I live just 14 miles from Bletchley Park, the home of the codebreakers in the Second World War, and the birthplace of the first electronic computer, Colossus. If you’ve never been, do visit: it’s great day out!

I go there quite frequently – possibly hoping that some of the vibes will rub off. Had I been around during the war, I’d have wanted to have worked there.

Codebreaking itself is far too abstruse and mathematical for me; my real interest is in the psychology behind it all – and what a lot there was!

Breaking the unbreakable

It isn’t widely realised that the Enigma machines that the Germans used to encrypt messages were essentially unbreakable; the computing power required to crack them made them more or less invincible to a ‘brute force’ attack.

That is, they were unbreakable without ‘cribs’ (clues as to what the encrypted messages themselves might contain) or some inkling of the settings for the Enigma machine that day (including any additional settings that individual operators might have chosen).

A huge amount of the decryption process revolved around these things; especially the ‘Cillis’ (alternatively, but incorrectly, known as ‘Sillies’), where signal operators cut corners, or chose easy to guess personal parameters.

(Think how so many people today choose passwords today. Your initials, your telephone number, ‘Pa55w0rd’, the name of your wife, your children, your cat…)

That’s where so much of the psychology came in: obtaining cribs from the many formulaic messages sent by the Germans (such as weather reports); or getting inside the minds of the operators, especially when they were under pressure, tired or lazy (or didn’t realise that precise instructions had been given to them for a reason).

Traffic analysis

I recently read Gordon Welchman’s book, ‘The Hut Six Story: Breaking the Enigma Codes’.

At a time when the Nazis had made Enigma more complex – and so blacked out, for many months, the Allies’ ability to decrypt it – Welchman explored what could be deduced from the information contained in the meta-data of the encrypted messages.

He was able to infer huge amounts from where these messages were sent, when, and how frequently.

Eventually, he could identify such things as that a particular pocket battleship was about to leave harbour, even if the codebreakers couldn’t read the actual content of the messages.

(This discipline is now called ‘traffic analysis’: think of it as ‘non-verbal communication for codebreakers.)

Welchman made many other important contributions, especially to the background organisation of Bletchley Park’s operations. He continued in this area after the way, eventually joining the MITRE corporation in the US.

He originally published his book in the 1980s, and has his US security clearance revoked as a result. In fact, he was nearly prosecuted because some of the material he discussed was still considered to be classified, even forty years on.

Decrypting the organisation

When it comes to the present day NHS, it is Welchman’s view of the organisation that is instructive.

Security at Bletchley Park was ferocious: each of the many thousands of workers was expected to keep quiet about their work, even if they were married to a member of the Bletchley Park staff working in a different hut.

While this produced a phenomenal level of protection, on many occasions it operated significantly against the codebreakers’ interests: staff became focused entirely on their part of the job and on nothing else.

Yet particular individuals often had insights and knowledge that could have been helpful to others, if only they had been allowed to share their ideas; or if they had realised that a wider need existed that their expertise could fill.

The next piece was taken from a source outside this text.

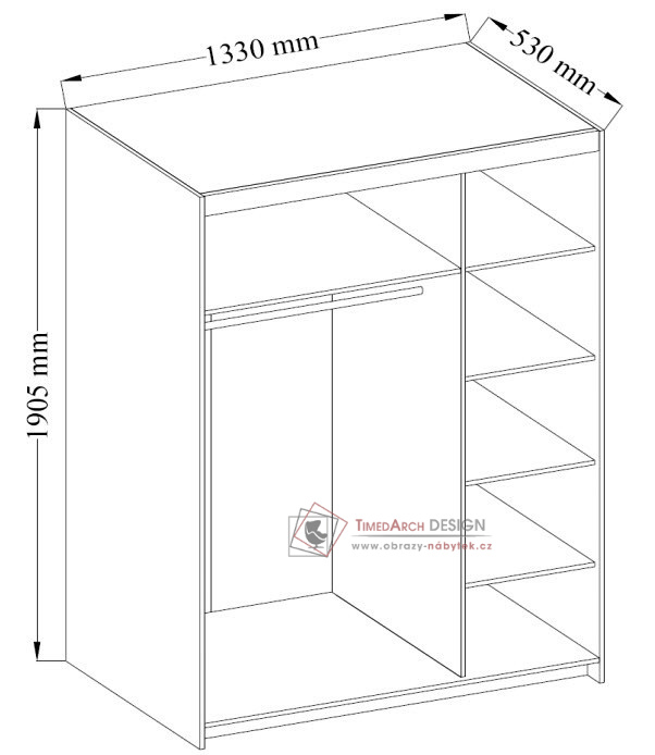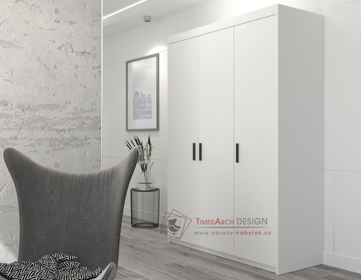 Třidvéřová šatní skříň ELINA je vyrobená z laminované DTD bílé barvy.

Welchman’s particular genius was in taking a step back, seeing the bigger picture, and then setting up organisational mechanisms that would allow the efficient integration of the cryptographic process.

I’d say the NHS is in much the same situation: uncertain overall strategy; siloed institutions and workers; little lateral thinking; not enough integration; and, in the NHS’ case, no uniformity alongside a totally uneven and unfair allocation of resources.

My final decision is ‘probably’…

Do we all know what our overall goals are? Are we sure? Quite incredibly, hardly anyone at the moment seems to know what the Secretary of State for Health is planning for the NHS, other than that he is constantly expecting us to do more with less.

Does Jermey Hunt intend to sell it off? Personally I doubt it. Is he trying to be positively disruptive, shaking the organisation to see if it can realign itself? Possibly; but by the time the realignment occurs there won’t be much of it left and a good proportion of its clinicians will have gone.

What we don’t know, we can’t plan for. Worse, we may well end up busting a gut to get our particular strategies working; only to find ten days later that these won’t fit in with new plans that have suddenly been revealed from on high. It’s a soul-destroying, callous way to treat dedicated staff.

Welchman says that in the best organisations everyone knows exactly the goal of the whole organisation and exactly their personal function within it.

We need to re-learn this today. Otherwise, we’ll end up with a dysfunctional, inefficient organisation with a totally disrupted structure that minimises the expertise of its staff rather than maximising it. And that will apply however bright and dedicated these individuals might be.